╭──

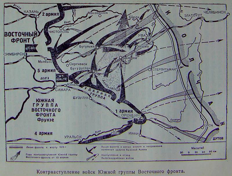 Самара – Кннель – Бузулук – Оренбург. Три колчаковских корпуса генерала Ханжина хотя и наступали успешно, но двигались по враждебной им земле, политические цели колчаковцев были чужды как русскому, так и башкирскому населению. А плети и виселицы колчаковских карателей и интервентов вызывали у народа беспредельную ненависть.
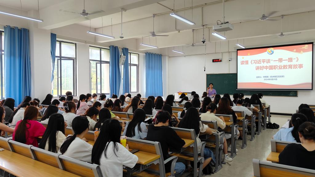 钟菊英讲授详细阐述了“一带一路”倡议的起源和发展,深入分析该倡议如何促进了参与国家的经济增长和区域合作,同时还讲述“一带一路”上的宜职故事,钟菊英提到买球官网与国外的合作项目不仅促进了中国与“一带一路”共建国家之间的文化交流和民心相通,还为社会发展培养了大量技术技能人才。
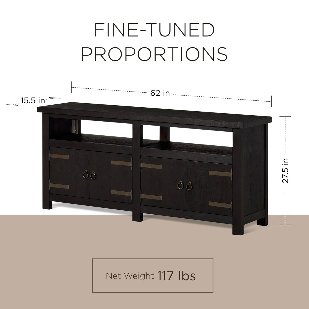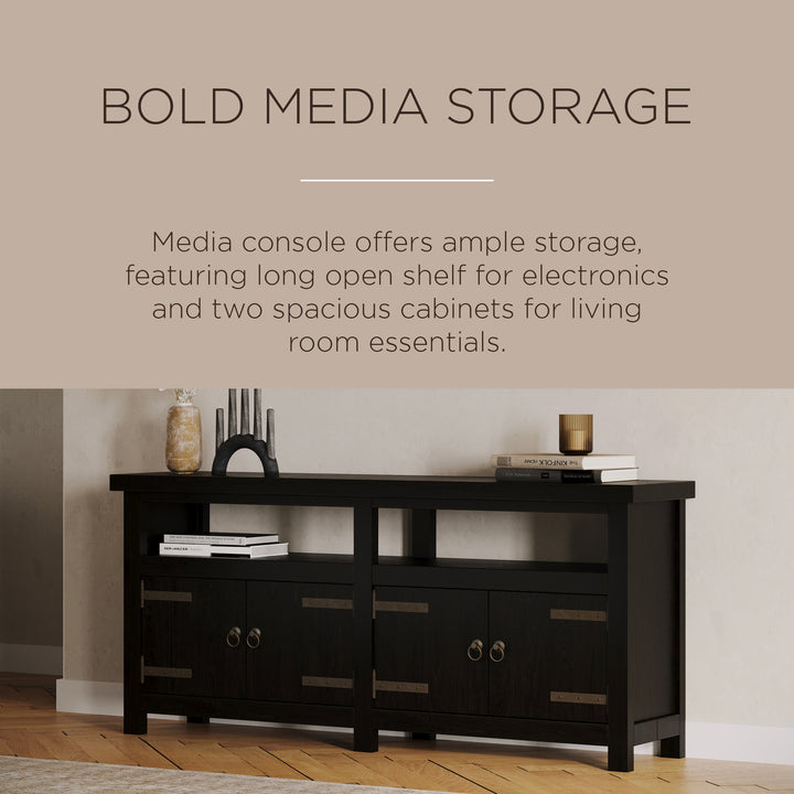 - Media console with an open shelf, ideal for electronics that require remote access, and 2 large cabinet bays with double doors to neatly tuck away odds and ends
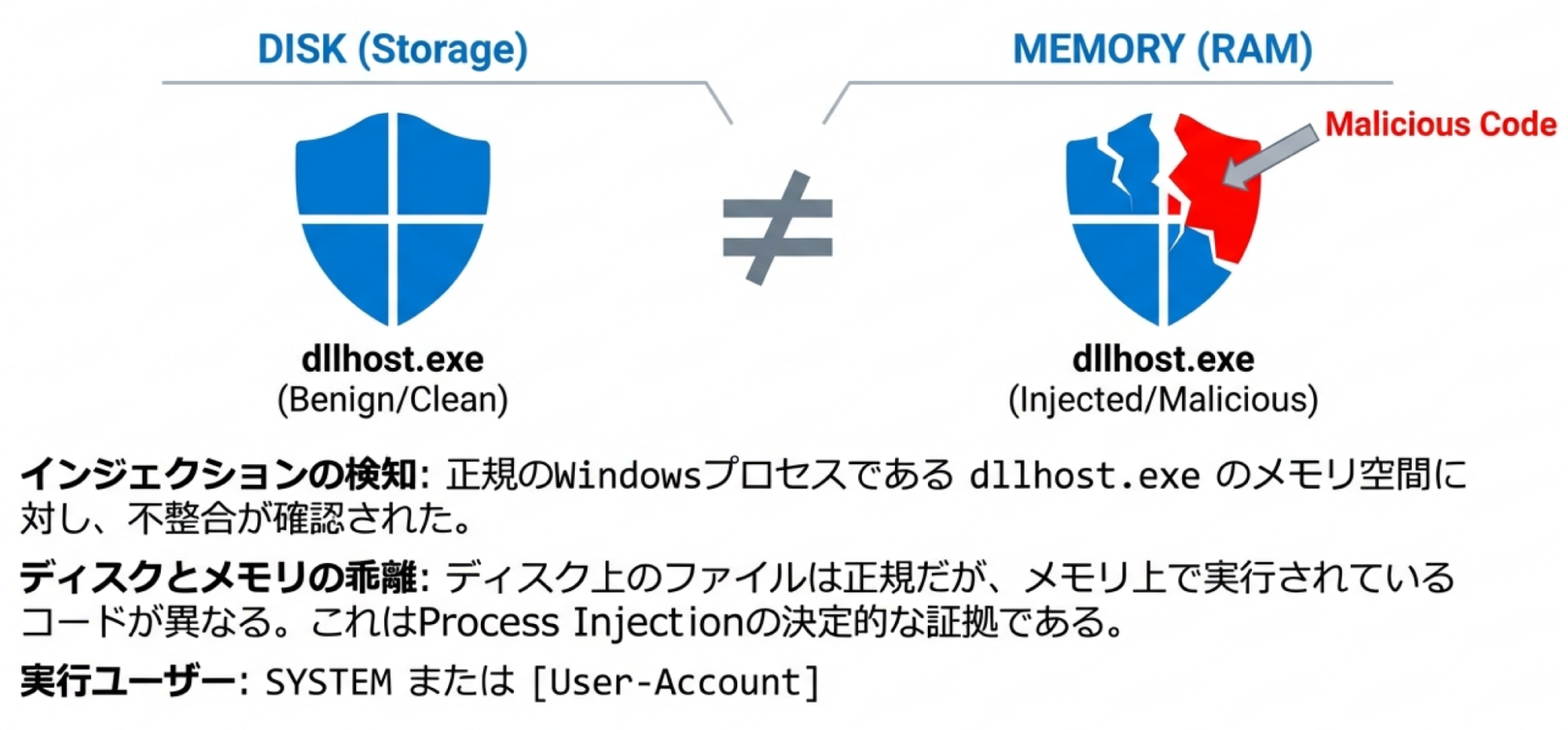 攻撃の舞台は、ディスクからメモリという見えない領域での武装化(マルウェアファイルの組み立て)へと移ります。私たちの解析では、正規プロセスであるdllhost.exeに悪意のあるコードを注入するプロセスインジェクションが確認されました。
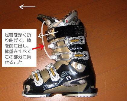 プルークボーゲン Pflugbogen とはドイツ語で「犂で波形を描くこと」という意味です。つまり、両スキーでV字型をつくって雪面を滑り降りながら波形にターンしていく、という技術です。 実際に滑って練習する前に、スキー靴のはき方と靴への力のかけ方――体重のかけ方――を説明しておきます。 まず靴は足のサイズにぴったりと合わせて選んでください。靴のなかに緩みがあると、力が靴やスキー板にしっかり伝わりません。 スキー靴を装着するときには、身体を前に倒すか、膝を思い切り前に出して、向こう脛に全体重をかけるつもりで、踵の後ろに隙間がないようにしてください。 雪斜面を滑るときには、つねにスキー板のバランス中心に重心を置いておくようにするのですが、そのためには、膝の向こう脛で靴を抑え込むような気持で、向こう脛にすべての体重をかけるようにします。そして、足の母指球から土踏まずを結ぶ線に加圧します。 ふくらはぎ側(後ろ側)に体重がかかっていると、雪上で身体が不安定になり、しかもスキーのエッジに加重できなくなります。 つまり、エッジングが甘くなり、ターン弧の正確さ(切れ味が)なくなります。 |
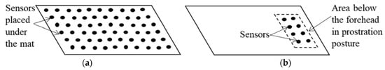 Despite differences in implementation, all of these smart prayer mats have several features in common. Namely, they differentiate human postures by patterns of binary signals (0 and 1) generated from switches or pressure sensors embedded into the mat. The sensors operate locally while the postures span the entire area of the prayer mat. Therefore, the devices either employ a large number of sensors distributed over the mat, as shown in Figure 2a, in order to improve the detection accuracy on expense of cost (e.g., [,]), or use a few sensors placed under the forehead (see Figure 2b) to detect the prostration posture only (e.g., [,,]). These cost-oriented solutions do not take into account the other postures of the Rakah sequence and thus might increment the counter when the user skips a posture or makes two prostrations consequently; which is unacceptable. Besides, to our knowledge, none of the existing prayer mats proposed so far can differentiate the standing posture from the bowing posture, thus impeding the correct posture recognition.
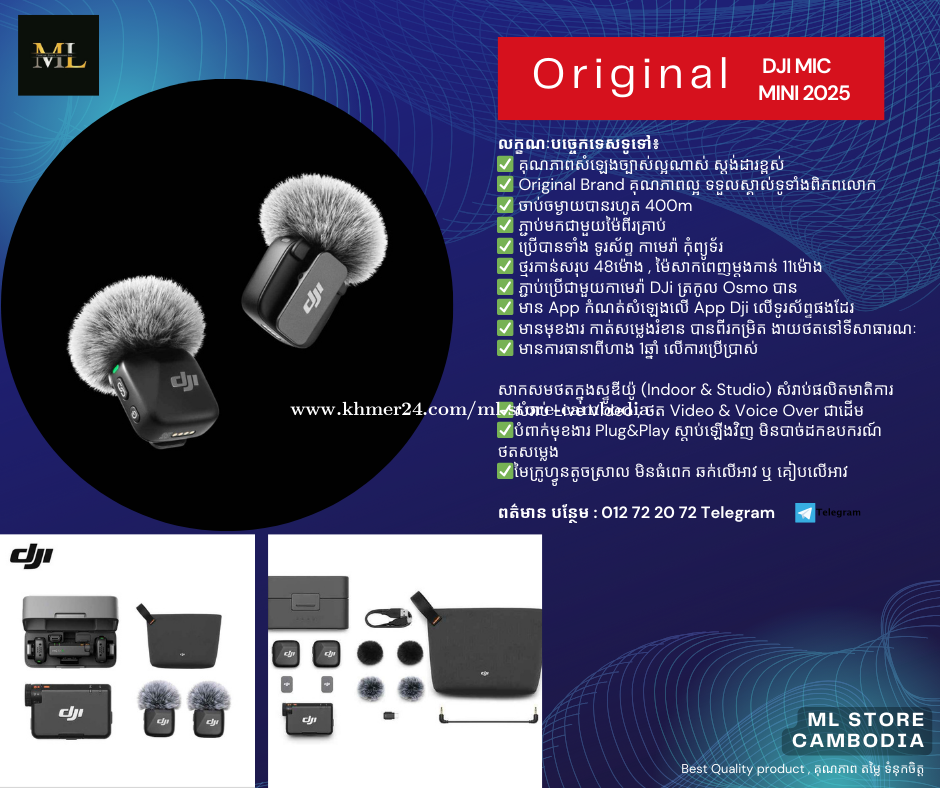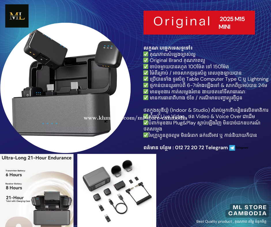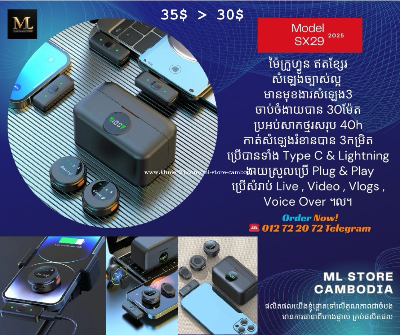 The Best Professional Wireless Microphone គុណភាពខ្ពស់ សំឡេងច្បាស់ល្អ មានមុខងារកាត់សំឡេងរំខាន អាចប្រើប្រាស់បានច្រើន លក្ខខណ្ឌខុសៗគ្នា សំរាប់បងប្អូន យកទៅបង្កើតមាតិកាវីដេអូ , Video Vlog , Live លក់ទំនិញអនឡាន , Podcast , Interview , Voice Over លើវីដេអូដើរកំសាន្តដែលថតទុកក៏បាន ៘ ( Original Product ) ✅ ច្រើនជម្រើស ច្រើនម៉ូឌែល តាមគុណភាព តាមតម្លៃ សុទ្ធតែល្អៗ ( ប្រើបានច្រើនជម្រើស ទាំងកាម៉េរា ទូរស័ព្ទ កុំព្យូទ័រ សោនកាត ៘ ) ✅ ផលិតផល មានការធានាត្រឹមត្រូវ មកតេស្តផ្ទាល់ក៏បាន 🚚 មានការដឹកជិញ្ជូន 25ខេត្ត/ក្រុង តេឡេក្រាម : https://t.me/Menghak168 Location : ម្តុំផ្សារហេងលី , ភ្នំពេញ ☎️ 012722xxxClick To Call / 070722xxxClick To Call

╰──

__Work task__. Set down the records again exactly as they appear, leaving each picture behind.

__Output of the exercise__.
 Самара – Кннель – Бузулук – Оренбург. Три колчаковских корпуса генерала Ханжина хотя и наступали успешно, но двигались по враждебной им земле, политические цели колчаковцев были чужды как русскому, так и башкирскому населению. А плети и виселицы колчаковских карателей и интервентов вызывали у народа беспредельную ненависть.
 钟菊英讲授详细阐述了“一带一路”倡议的起源和发展,深入分析该倡议如何促进了参与国家的经济增长和区域合作,同时还讲述“一带一路”上的宜职故事,钟菊英提到买球官网与国外的合作项目不仅促进了中国与“一带一路”共建国家之间的文化交流和民心相通,还为社会发展培养了大量技术技能人才。
 - Media console with an open shelf, ideal for electronics that require remote access, and 2 large cabinet bays with double doors to neatly tuck away odds and ends
 攻撃の舞台は、ディスクからメモリという見えない領域での武装化(マルウェアファイルの組み立て)へと移ります。私たちの解析では、正規プロセスであるdllhost.exeに悪意のあるコードを注入するプロセスインジェクションが確認されました。
 プルークボーゲン Pflugbogen とはドイツ語で「犂で波形を描くこと」という意味です。つまり、両スキーでV字型をつくって雪面を滑り降りながら波形にターンしていく、という技術です。 実際に滑って練習する前に、スキー靴のはき方と靴への力のかけ方――体重のかけ方――を説明しておきます。 まず靴は足のサイズにぴったりと合わせて選んでください。靴のなかに緩みがあると、力が靴やスキー板にしっかり伝わりません。 スキー靴を装着するときには、身体を前に倒すか、膝を思い切り前に出して、向こう脛に全体重をかけるつもりで、踵の後ろに隙間がないようにしてください。 雪斜面を滑るときには、つねにスキー板のバランス中心に重心を置いておくようにするのですが、そのためには、膝の向こう脛で靴を抑え込むような気持で、向こう脛にすべての体重をかけるようにします。そして、足の母指球から土踏まずを結ぶ線に加圧します。 ふくらはぎ側(後ろ側)に体重がかかっていると、雪上で身体が不安定になり、しかもスキーのエッジに加重できなくなります。 つまり、エッジングが甘くなり、ターン弧の正確さ(切れ味が)なくなります。 |
 Despite differences in implementation, all of these smart prayer mats have several features in common. Namely, they differentiate human postures by patterns of binary signals (0 and 1) generated from switches or pressure sensors embedded into the mat. The sensors operate locally while the postures span the entire area of the prayer mat. Therefore, the devices either employ a large number of sensors distributed over the mat, as shown in Figure 2a, in order to improve the detection accuracy on expense of cost (e.g., [,]), or use a few sensors placed under the forehead (see Figure 2b) to detect the prostration posture only (e.g., [,,]). These cost-oriented solutions do not take into account the other postures of the Rakah sequence and thus might increment the counter when the user skips a posture or makes two prostrations consequently; which is unacceptable. Besides, to our knowledge, none of the existing prayer mats proposed so far can differentiate the standing posture from the bowing posture, thus impeding the correct posture recognition.
 The Best Professional Wireless Microphone គុណភាពខ្ពស់ សំឡេងច្បាស់ល្អ មានមុខងារកាត់សំឡេងរំខាន អាចប្រើប្រាស់បានច្រើន លក្ខខណ្ឌខុសៗគ្នា សំរាប់បងប្អូន យកទៅបង្កើតមាតិកាវីដេអូ , Video Vlog , Live លក់ទំនិញអនឡាន , Podcast , Interview , Voice Over លើវីដេអូដើរកំសាន្តដែលថតទុកក៏បាន ៘ ( Original Product ) ✅ ច្រើនជម្រើស ច្រើនម៉ូឌែល តាមគុណភាព តាមតម្លៃ សុទ្ធតែល្អៗ ( ប្រើបានច្រើនជម្រើស ទាំងកាម៉េរា ទូរស័ព្ទ កុំព្យូទ័រ សោនកាត ៘ ) ✅ ផលិតផល មានការធានាត្រឹមត្រូវ មកតេស្តផ្ទាល់ក៏បាន 🚚 មានការដឹកជិញ្ជូន 25ខេត្ត/ក្រុង តេឡេក្រាម : https://t.me/Menghak168 Location : ម្តុំផ្សារហេងលី , ភ្នំពេញ ☎️ 012722xxxClick To Call / 070722xxxClick To Call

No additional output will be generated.